(AIM OF THE TASK): Begin your copy at the line that holds "9 Diodes size:97.8" and carry it through the final line of the data, writing out each line exactly and omitting pictures.

··· INFORMATION

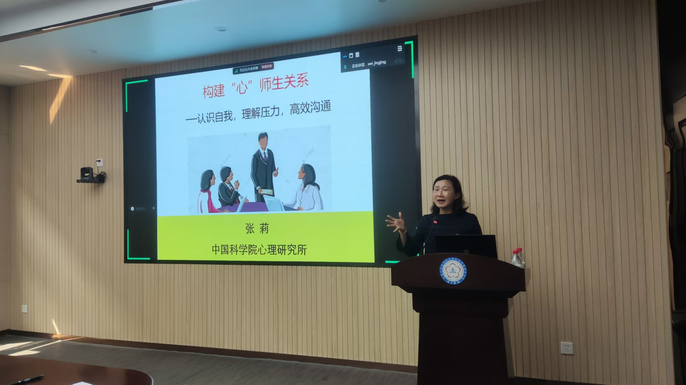 為加強人文關(guān)懷,關(guān)愛師生心理健康,構(gòu)建和諧師生關(guān)系, 8月28日,廣州健康院舉辦“構(gòu)建‘心’師生關(guān)系”“認(rèn)識自我、理解壓力、高效溝通”兩場專題心理健康培訓(xùn),邀請中國科學(xué)院心理研究所應(yīng)用發(fā)展部主任、中國科學(xué)院院工會心理健康服務(wù)中心副主任張莉主講。廣州健康院研究生導(dǎo)師、學(xué)生輔導(dǎo)員和學(xué)生參加培訓(xùn),同時通過線上方式面向中國科學(xué)院大學(xué)其他培養(yǎng)單位的研究生導(dǎo)師和學(xué)生直播。
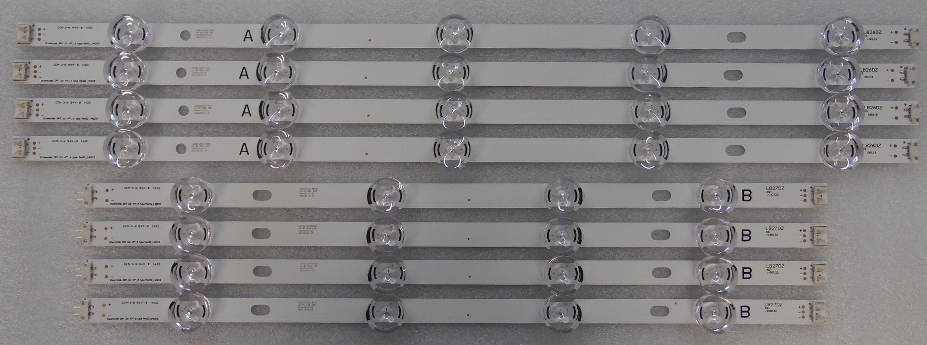 9 Diodes size:97.8 cm 1set=4x(A+B),4x(led26+led27), DRT 3.0 47" INCH , LC470DUH-FGP1 LC470DUH-FGP2 (FG) (P1) (P2) 6916L-1780A/6916L-1779A, 6916L-1948A/6916L-1949A, 6916L-1961A/6916L-1962A, 6916L-1715A/6916L-1716A Panel:LC470DUE-FGA4, LC470DUE-FGA1, LC470DUE-FGA2, LC470DUE-FGA3, LC470DUE-FGA6, LC470DUE-FGM1, LC470DUE-FGM2, LC470DUE-FGM3, LC470DUE-FGM4
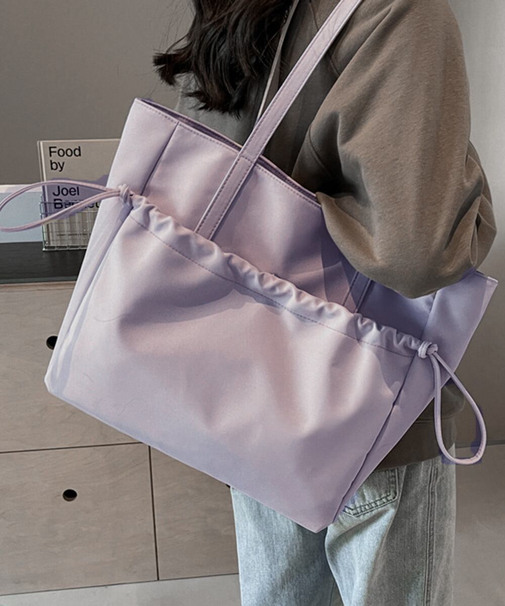 丈夫なナイロン素材で仕上げた、シンプルで使いやすい大容量トートバッグ。
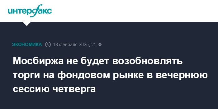 Москва. 13 февраля. INTERFAX.RU - "Московская биржа" решила не возобновлять торги на фондовом рынке в вечернюю сессию четверга, говорится в сообщении торговой площадки.
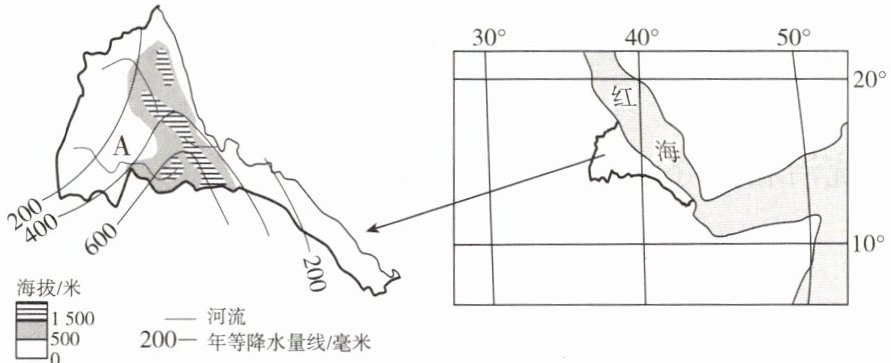 10.(2024 淮北期末)厄立特里亚是我国农业交流合作的重要国家之一。该国经济落后,以旱地农业为主,传统能源主要依赖生物燃料,电力严重缺乏。中国某农企研究工作站在当地援建以光伏发电为动力的滴灌工程,并辅以膜下滴灌技术。下图为厄立特里亚地理位置及地形、降水量分布图。结合图文材料,完成下列问题。
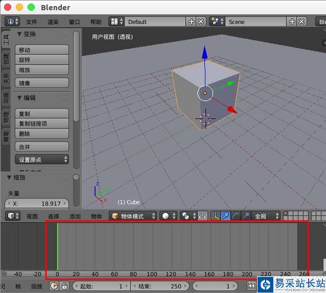 1、打開blender,默認的物體動畫模擬只有250幀。

······

(TASK SOLUTION):
 9 Diodes size:97.8 cm 1set=4x(A+B),4x(led26+led27), DRT 3.0 47" INCH , LC470DUH-FGP1 LC470DUH-FGP2 (FG) (P1) (P2) 6916L-1780A/6916L-1779A, 6916L-1948A/6916L-1949A, 6916L-1961A/6916L-1962A, 6916L-1715A/6916L-1716A Panel:LC470DUE-FGA4, LC470DUE-FGA1, LC470DUE-FGA2, LC470DUE-FGA3, LC470DUE-FGA6, LC470DUE-FGM1, LC470DUE-FGM2, LC470DUE-FGM3, LC470DUE-FGM4
 丈夫なナイロン素材で仕上げた、シンプルで使いやすい大容量トートバッグ。
 Москва. 13 февраля. INTERFAX.RU - "Московская биржа" решила не возобновлять торги на фондовом рынке в вечернюю сессию четверга, говорится в сообщении торговой площадки.
 10.(2024 淮北期末)厄立特里亚是我国农业交流合作的重要国家之一。该国经济落后,以旱地农业为主,传统能源主要依赖生物燃料,电力严重缺乏。中国某农企研究工作站在当地援建以光伏发电为动力的滴灌工程,并辅以膜下滴灌技术。下图为厄立特里亚地理位置及地形、降水量分布图。结合图文材料,完成下列问题。
 1、打開blender,默認的物體動畫模擬只有250幀。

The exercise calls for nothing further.